By Kayla Whittle
It appears a recent trend in the young-adult publishing industry is to push forward countless novels that center their plots around tragedy. Jessi Kirby’s “Things We Know by Heart” is an interesting take on this current theme, as it seems to take place after the traumatic incidents that would typically take center stage in other novels.
Quinn loses her boyfriend in a terrible, unexpected accident, and suddenly everything about her life is a little darker. She never imagined breaking up with Trent, let alone losing him — and now she is forced to go through prom, senior year and several life-changing experiences without him. After the accident, some of Trent’s organs were donated, and Quinn begins to think that she can’t possibly move on until she’s personally met all of the organ recipients from her boyfriend’s tragic passing.
There were some parts of “Things We Know by Heart” that I truly loved. I wanted to learn more about Quinn’s relationship with her family, particularly her father and her sister, because they seemed like characters who could’ve been used much more than they were. They’re only a part of the support system that helps Quinn throughout the novel. But there’s also the budding problem of Colton, who received Trent’s heart and doesn’t know the transplant is the reason Quinn ultimately came to meet him.

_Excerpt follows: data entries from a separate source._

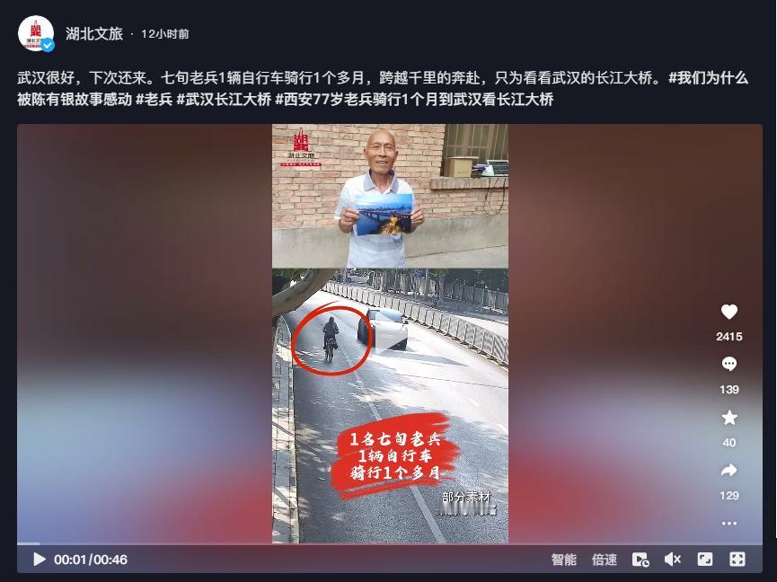 本文信源来自官方媒体【湖北文旅—武汉很好,下次还来。七旬老兵1辆自行车骑行1个多月,跨越千里的奔赴,只为看看武汉的长江大桥。#我们为什么被陈有银故事感动#老兵#武汉长江大桥#西安77岁老兵骑行1个月到武汉看长江大桥】
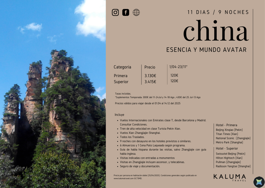 Esencia de China y Mundo Avatar 12 días / 9 noches - Salidas hasta Diciembre desde 3.130€
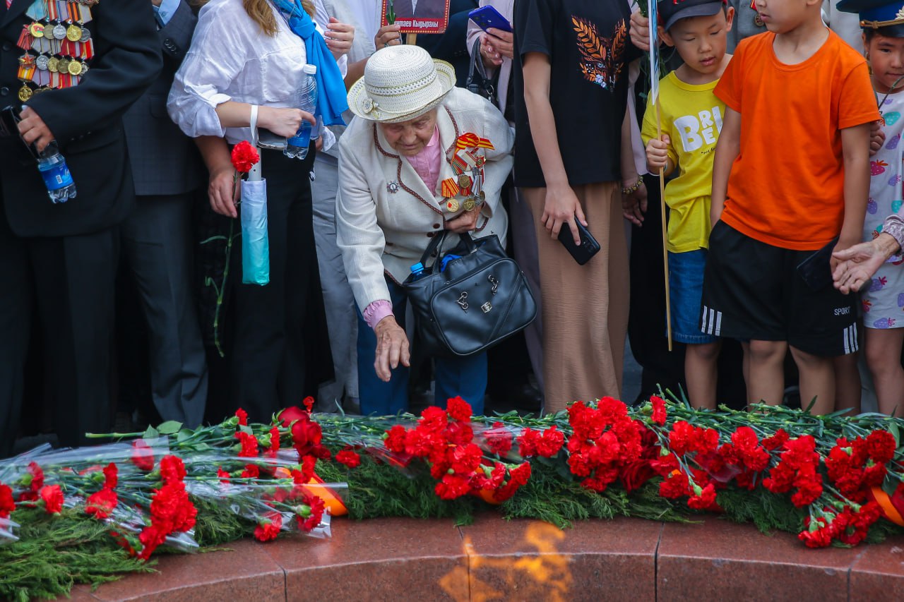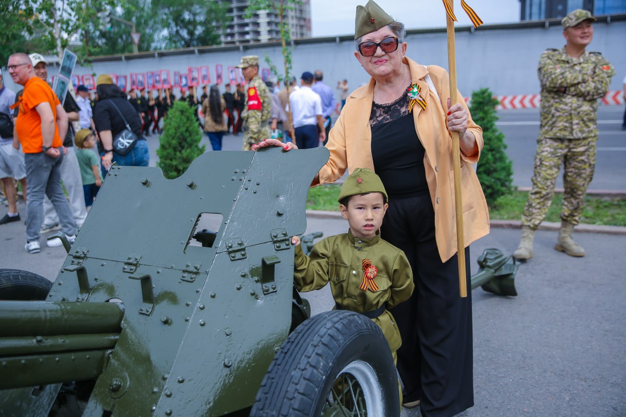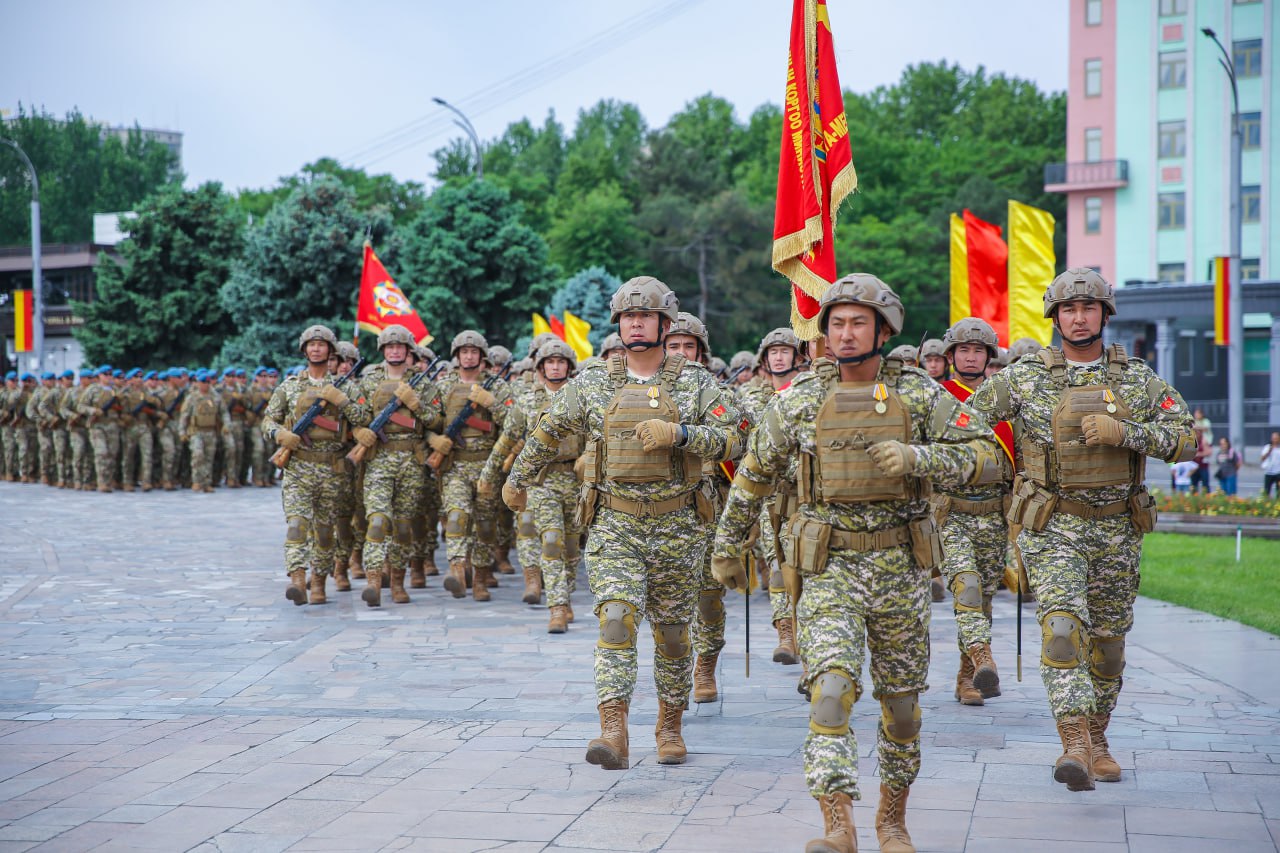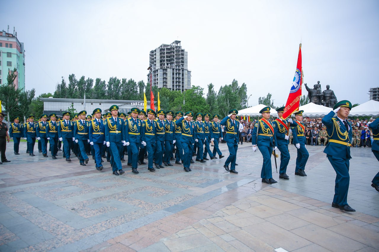 На Площади Победы их ожидали другие горожане и гости столицы. Там ветераны, мэр столицы и депутаты Бишкекского городского кенеша возложили цветы к Вечному огню. После гостей ожидала выставка военной техники и традиционная солдатская каша.
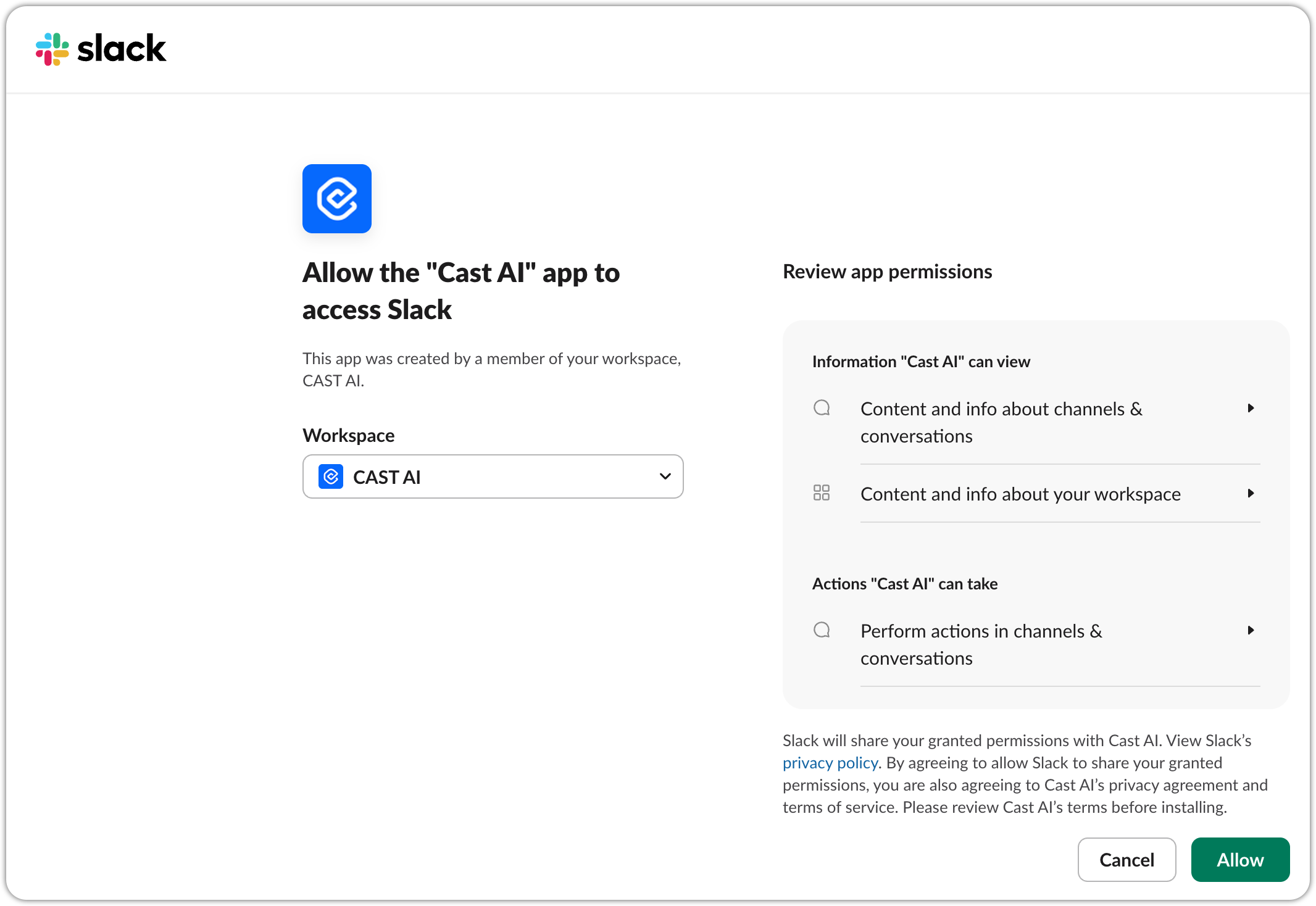 - Content and info about channels & conversations — Allows Cast AI to see which channels are available for posting notifications

I feel like much of the story was rushed to explore Quinn’s new relationship (not necessarily romantic, but hinted in that direction) with Colton, and I wish the plot hadn’t sped forward. In that way, I would have felt much more emotionally connected with these characters. Instead, I didn’t care for them as much as I should have.
The novel seemed to want to have a focus on finding the implications of how humans connect to one another. The dry and rushed plot left more questions than answers. The audience is forced to invest their emotions into a romantic connection rather than the true, human connection, since that is now the status quo for young-adult novels. If Kirby had focused less on the vague romance, the true message of the novel would have been better rendered.
With a plot that didn’t pack much punch, I was hoping for a more heart-wrenching ending. There was so much left to be explored, and the novel dropped off at an awkward, uninteresting point that left me baffled and disappointed. I feel like Kirby never really got to the heart of her own novel. The premise was good, but not executed as well as other authors with similar interests — such as Sarah Dessen —who always makes the novels message clear.
“Things We Know By Heart” is a so-so novel with no big emotional impact and no lasting memory for me. I would recommend skipping this one rather than ordering it.